# Decided! HTPC/Media Server build



## FNG212 (May 31, 2009)

Not sure which this should be classified as, a HTPC or Media Server but here it is:

Purpose: Digital storage of all my media, streaming Netflix/Hulu etc content

MotherBoard: http://www.newegg.com/Product/Product.aspx?item=N82E16813128421
GIGABYTE GA-H55M-UD2H Micro ATX Intel Motherboard

Processor: http://www.newegg.com/Product/Product.aspx?item=N82E16819115217
Intel Core i5-661 3.33GHz LGA 1156 87W Dual-Core Desktop Processor

RAM: http://www.newegg.com/Product/Product.aspx?item=N82E16820145260
CORSAIR XMS3 4GB (2 x 2GB) 240-Pin DDR3 SDRAM DDR3 1600 (PC3 12800) Desktop Memory

Windows 7, a few TB of hard drives and a DVD drive from my current desktop.

Any suggestions?


----------



## dalto (May 24, 2009)

None of the links work for me.


----------



## Cy-Gor (Jan 18, 2010)

Is this hooked into your HT directly or just a network asset?

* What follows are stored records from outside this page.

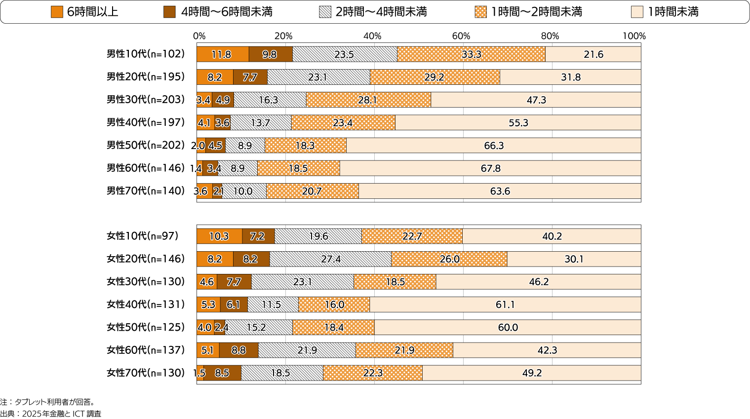 - タブレット利用時間が長い割合は男性若年層で高い。
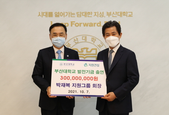 부산대는 경영대학원 최고경영자과정 제32기 졸업생인 지원그룹 박재복 회장이 7일 오전 교내 본관 5층 총장실에서 그룹 이름을 딴 ‘지원장학금’ 3억원을 출연했다고 밝혔다.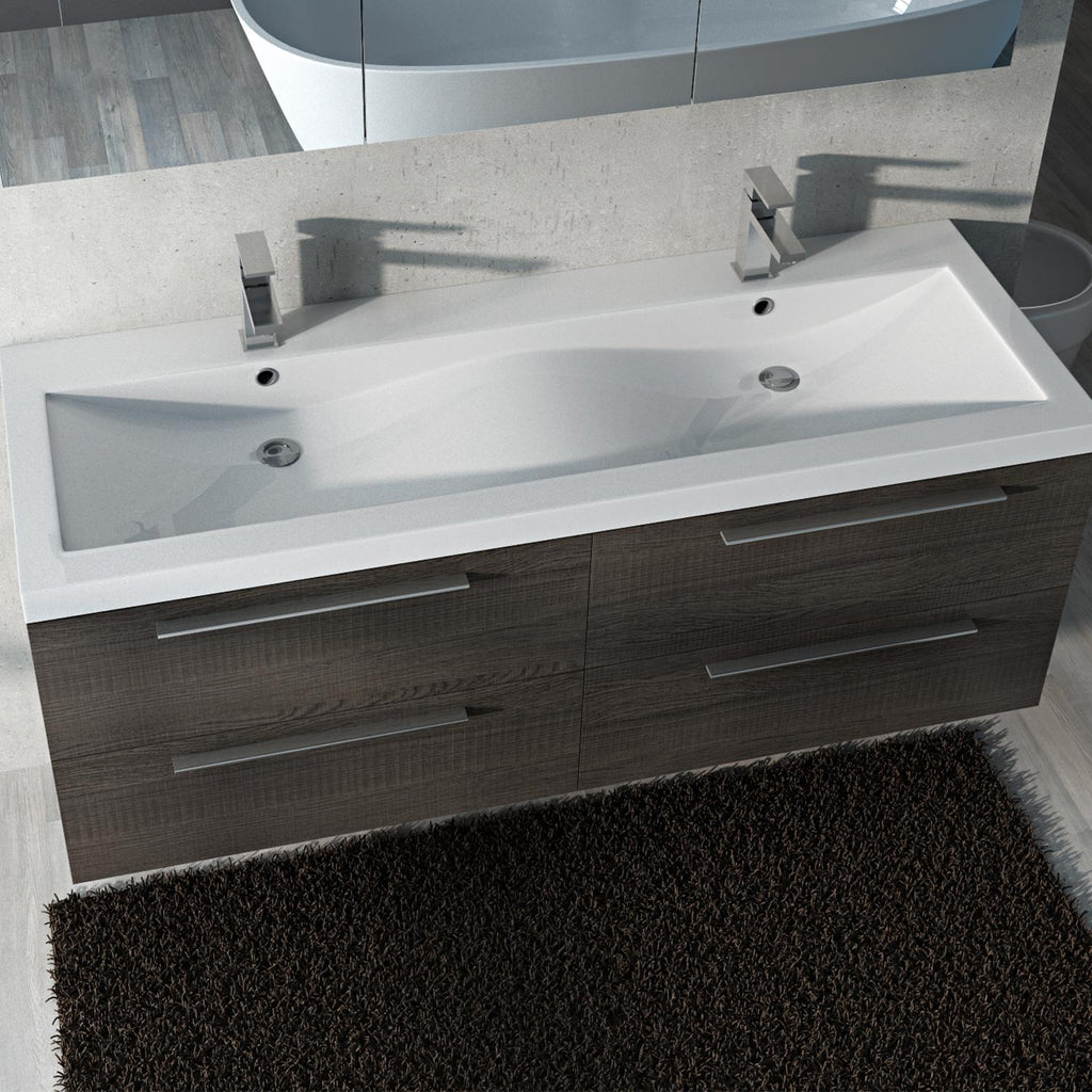 Lavabo salle de bain double acrylique blanc 144cm Fosterberg Porto 5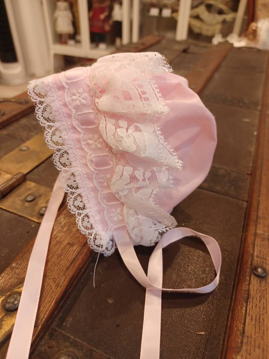 - ≪特価≫ お人形 ビスクドール リプロダクションドール ドレス アンティーク ボンネット ピンク リボン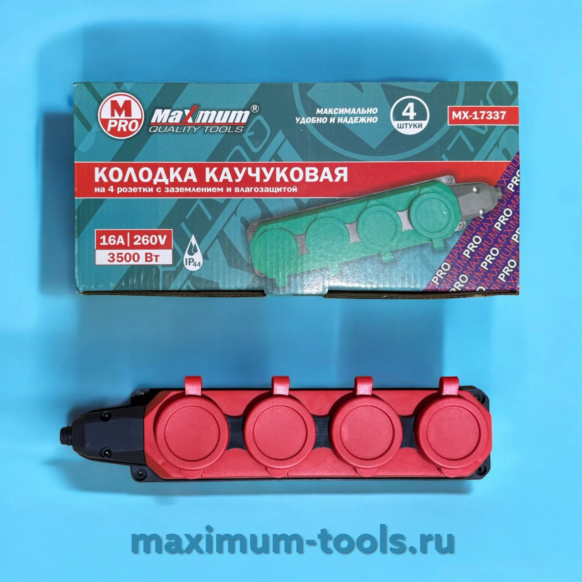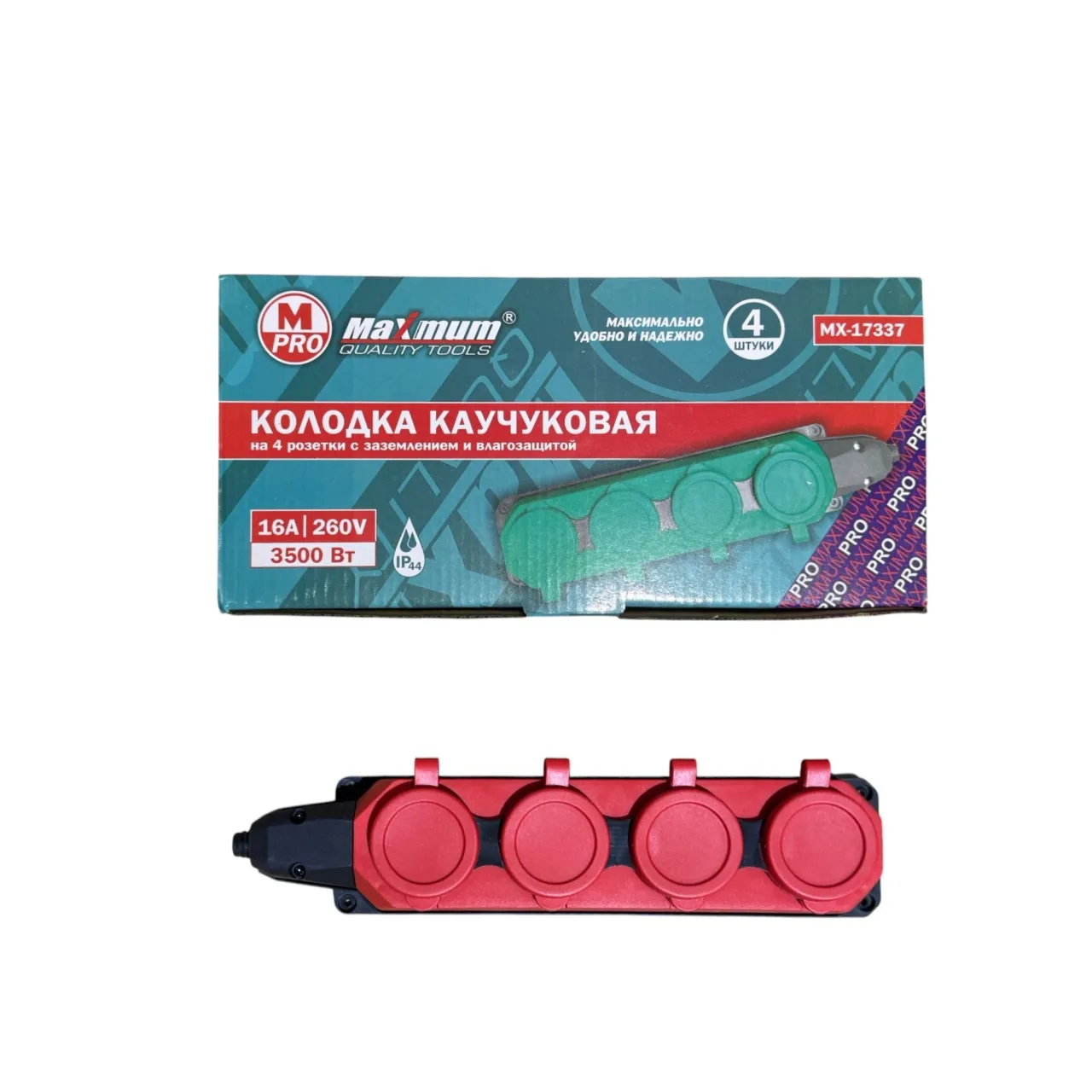 Колодка каучуковая на 3 розетки с защитными красными крышками, IP44,16A, 3500Вт "MAXIMUM" MX 17320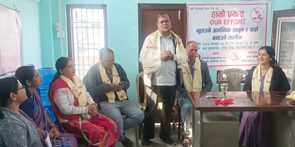 विराटनगर । सामाजिक संस्था हाम्रो प्रयास (Our Effort) र विराटनगर महानगरपालिका–८ को संयुक्त आयोजनामा नुहाउने अर्गानिक साबुन तथा सर्फ बनाउने सम्बन्धी तीनदिने तालिम कार्यक्रमको उद्घाटन गरिएको छ।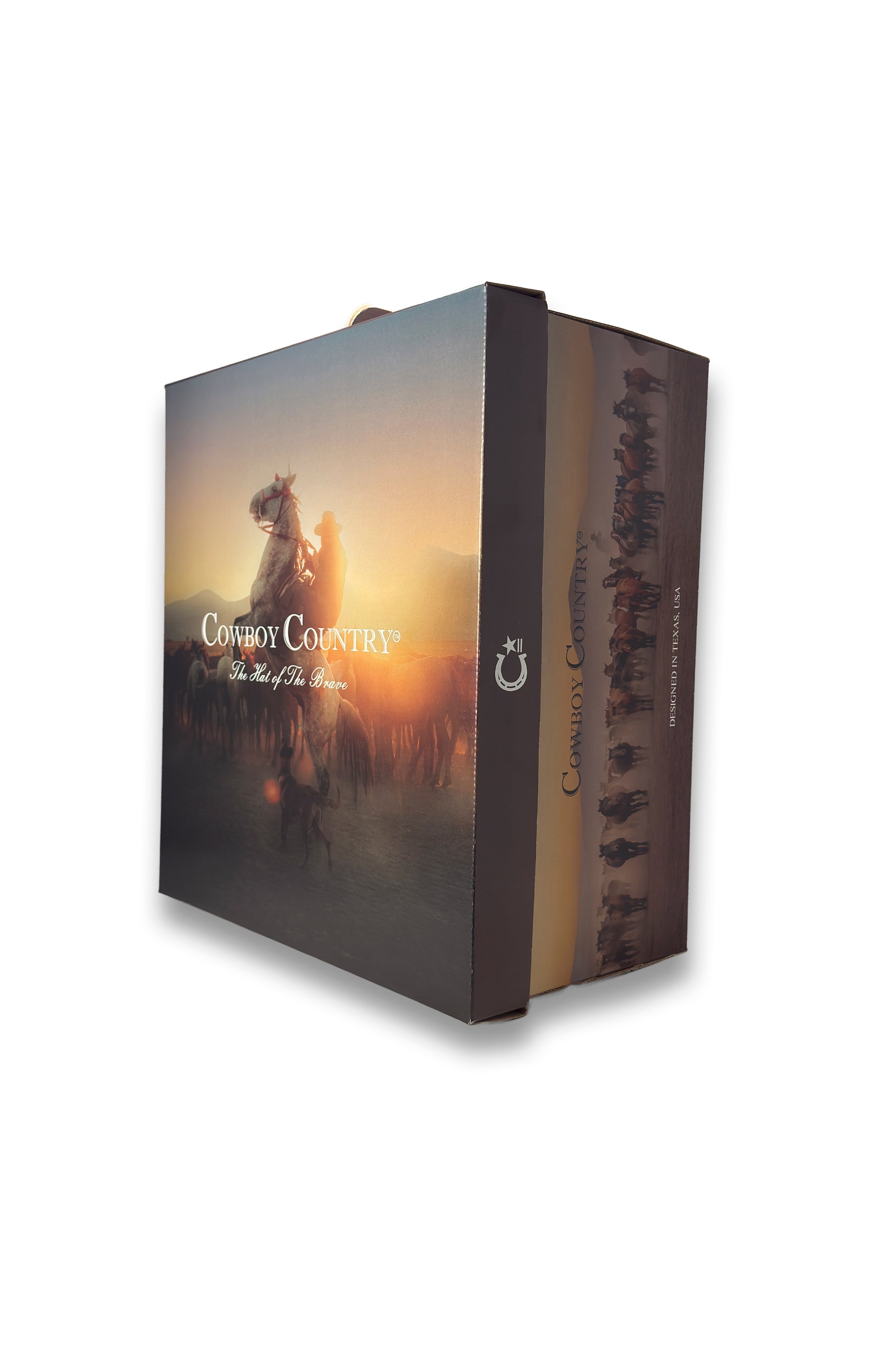 Crafted from premium felt, this hat features a traditional rancher profile with a clean finish and a detailed buckle set. The interior includes a comfortable sweatband and custom lining that reflects Cowboy Country’s rugged identity.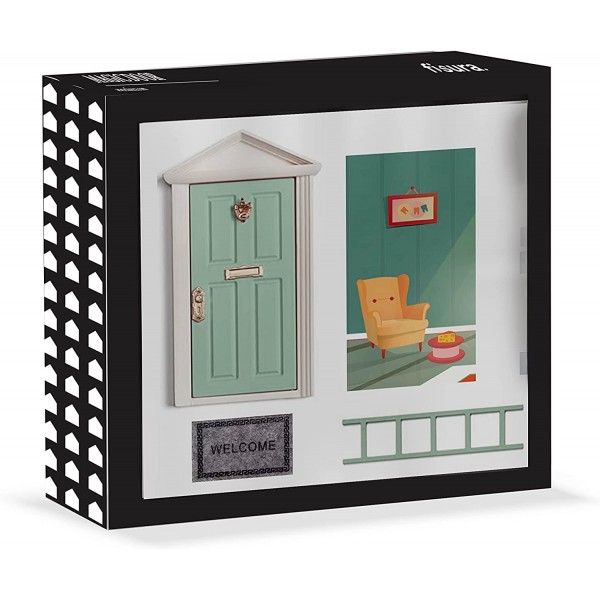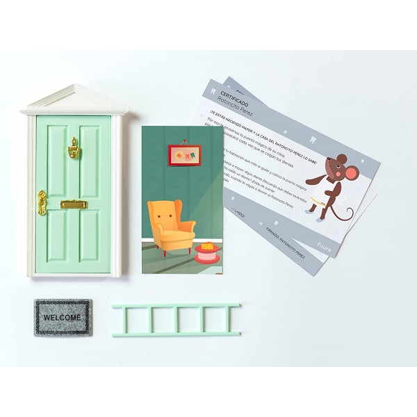Incluye puerta de 17,5 x 10,5 cm, felpudo de 5.5 x 3 cm, pegatina para crear ambiente en la puerta al abrirla de 7 x 14,5 cm, tarjeta de certificado del ratoncito Pérez de 18 x 10 cm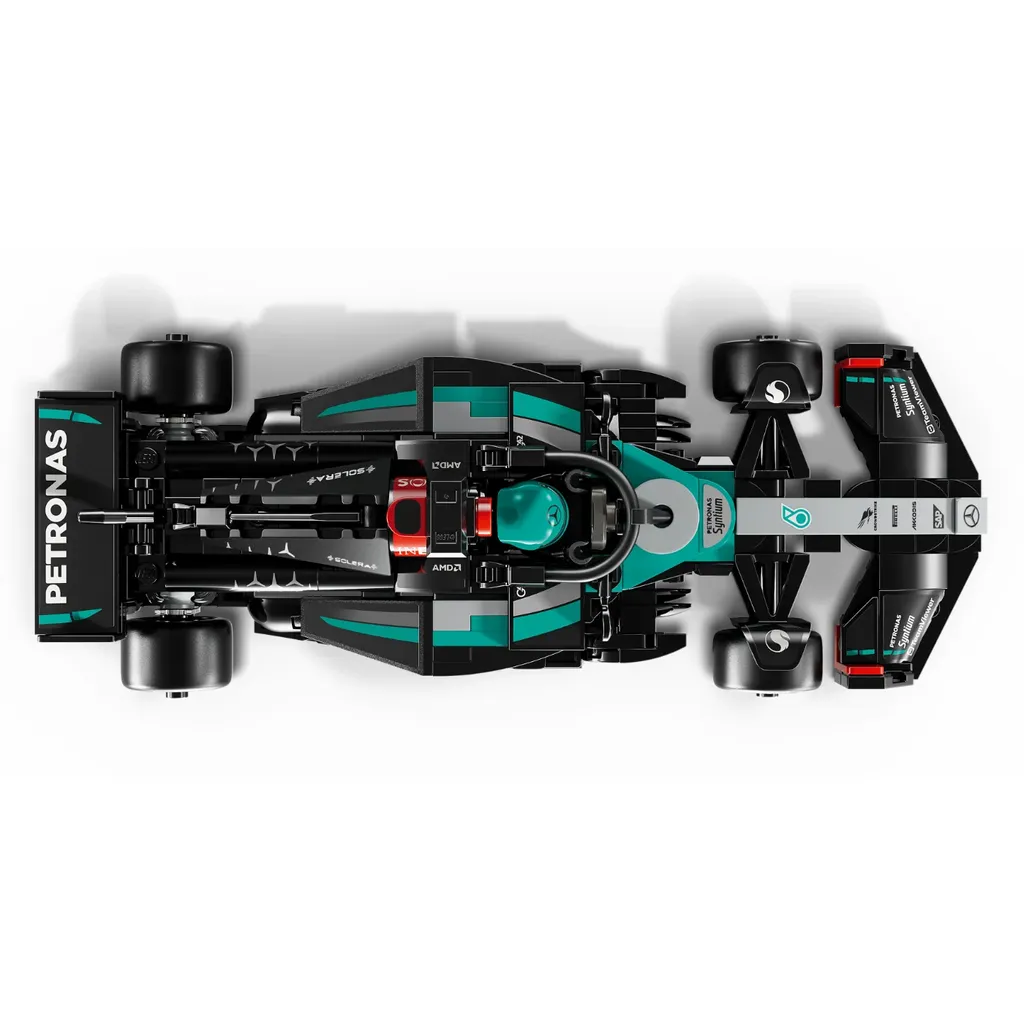 F1-bilen Mercedes-AMG PETRONAS F1 Team W15 E Performance som LEGO. Formelbilen kördes av Lewis Hamilton och George Russell under 2024 Formula One World Championship.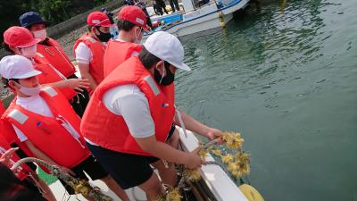 これまでヒラメや車エビの稚魚放流を経験させていただきましたが、今日はマダイの放流を体験しました。稚魚のつかみ方にも慣れてきたのか、これまで以上にスムーズに放流できていたと思います。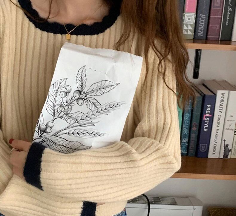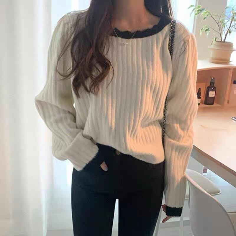 NT-0258 バイカラー ラウンドネック ニット トップス 長袖 レディース カジュアル シンプル 可愛い お洒落 きれいめ
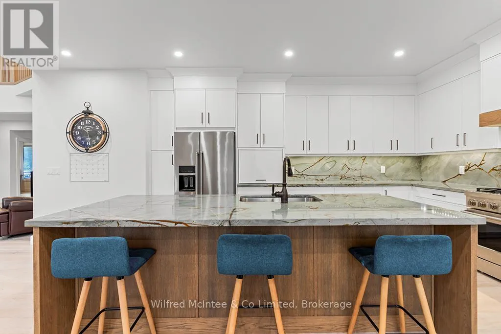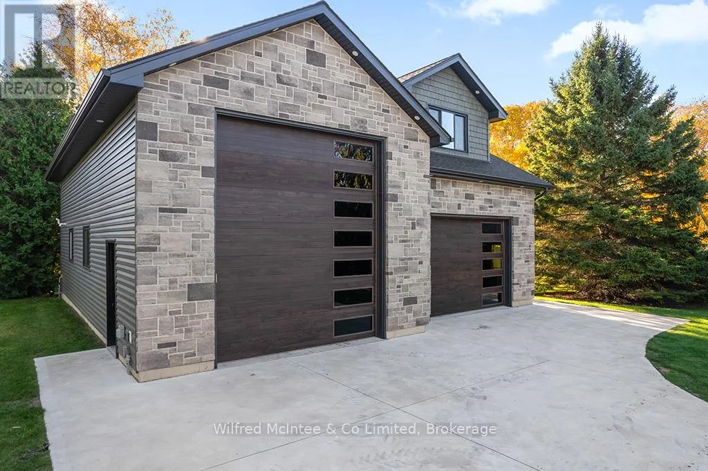 Cross Streets: Victoria St. S. & Palmerston St. ** Directions: From Hwy 21 go East on High St to Victoria St S, go South on Victoria St S to #72 on East side. Come discover this executive two-storey home at 72 Victoria St S in the heart of Southampton. Offering almost 4,300 sq ft of living space across three levels, this stunning residence features 4+1 bedrooms, 3.5 bathrooms, an attached two-car garage, and a hard-to-find (in town) 1600 sq ft detached workshop with a one-bedroom apartment above - all on a premium 73.5ft x 250ft lot just steps from downtown shopping and dining, Jubilee Park, the hospital, public school, arena, and Southampton's famous sandy beach. The all-stone exterior and tidy landscaping deliver exceptional curb appeal, complemented by a triple wide concrete driveway and laneway leading to the shop out back. Inside the home, you are greeted by a great room w/18ft ceiling and soaring stone fireplace that anchors the open-concept main floor with engineered hardwood throughout. The gourmet kitchen boasts white thin framed shaker cabinetry for a refined and elegant look, distinctive quartzite counters and backsplash, and a wood-tone island. A bright dining area opens to the rear deck, while a home office, powder room, and mudroom with storage closets and heated floors complete the level. Upstairs, the oak staircase leads to four spacious bedrooms, including a luxurious primary suite with coffered ceiling, spa-like ensuite w/dual vanities, soaker tub, expansive tiled shower w/rain shower head, tile accent wall and large walk-in closet. The fully finished basement adds a 5th bedroom, large rec space, family room w/gas fireplace, 3-piece bath w/laundry, and utility room w/forced-air furnace, air exchanger, and on-demand hot water heater. The insulated 1600 sq ft dream shop is perfect for the contractor/tradesperson or hobbyist and offers oversized doors (one that is perfect for the RV/boat), Trusscore walls for easy cleaning, and radiant in-floor heat. Above the shop is a stylish one-bedroom apartment-ideal for guests, family, or income potential. Enjoy luxury, space, and lifestyle-all in one perfect package! (id:27476)

The memory might be a bit of overkill for what you are doing since amount of memory is generally more important for this kind of thing than speed.


----------



## dalto (May 24, 2009)

I think it will work fine but that is a lot of CPU for that type of machine. Are you going to be doing other things with that machine too?

Do you already have a case and power supply?


----------